▶ _ASSIGNMENT_: Would you print exactly the lines that begin the listing and continue through the line holding "사건번호 2024 타경"? No pictures, please.

##### SUPPLIED DATA

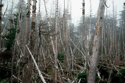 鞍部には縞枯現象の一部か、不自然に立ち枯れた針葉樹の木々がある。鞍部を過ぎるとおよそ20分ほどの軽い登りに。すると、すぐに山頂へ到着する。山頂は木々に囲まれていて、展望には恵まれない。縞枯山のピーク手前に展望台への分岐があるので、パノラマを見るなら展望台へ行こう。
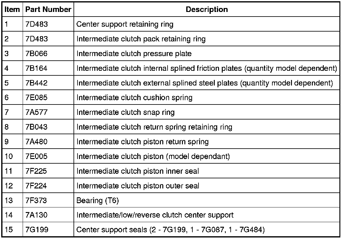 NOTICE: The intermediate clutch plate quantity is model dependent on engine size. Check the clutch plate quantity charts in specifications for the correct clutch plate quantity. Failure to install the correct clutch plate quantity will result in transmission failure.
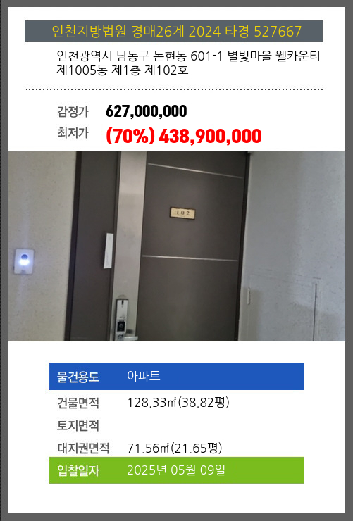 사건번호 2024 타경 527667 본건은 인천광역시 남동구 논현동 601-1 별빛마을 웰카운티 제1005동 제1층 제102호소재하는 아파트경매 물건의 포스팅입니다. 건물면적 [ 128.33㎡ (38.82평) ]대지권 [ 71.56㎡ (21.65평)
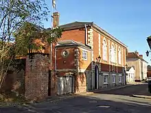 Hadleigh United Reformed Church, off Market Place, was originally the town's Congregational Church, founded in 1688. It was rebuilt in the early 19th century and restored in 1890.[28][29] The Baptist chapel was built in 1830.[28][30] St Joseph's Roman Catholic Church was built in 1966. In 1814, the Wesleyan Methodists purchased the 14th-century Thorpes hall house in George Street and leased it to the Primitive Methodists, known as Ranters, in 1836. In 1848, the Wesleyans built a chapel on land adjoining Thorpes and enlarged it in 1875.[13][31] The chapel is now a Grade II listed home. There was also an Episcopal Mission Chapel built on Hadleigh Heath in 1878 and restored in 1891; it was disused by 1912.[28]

##########

▶ _YOUR SOLUTION_:
 鞍部には縞枯現象の一部か、不自然に立ち枯れた針葉樹の木々がある。鞍部を過ぎるとおよそ20分ほどの軽い登りに。すると、すぐに山頂へ到着する。山頂は木々に囲まれていて、展望には恵まれない。縞枯山のピーク手前に展望台への分岐があるので、パノラマを見るなら展望台へ行こう。
 NOTICE: The intermediate clutch plate quantity is model dependent on engine size. Check the clutch plate quantity charts in specifications for the correct clutch plate quantity. Failure to install the correct clutch plate quantity will result in transmission failure.
 사건번호 2024 타경 527667 본건은 인천광역시 남동구 논현동 601-1 별빛마을 웰카운티 제1005동 제1층 제102호소재하는 아파트경매 물건의 포스팅입니다. 건물면적 [ 128.33㎡ (38.82평) ]대지권 [ 71.56㎡ (21.65평)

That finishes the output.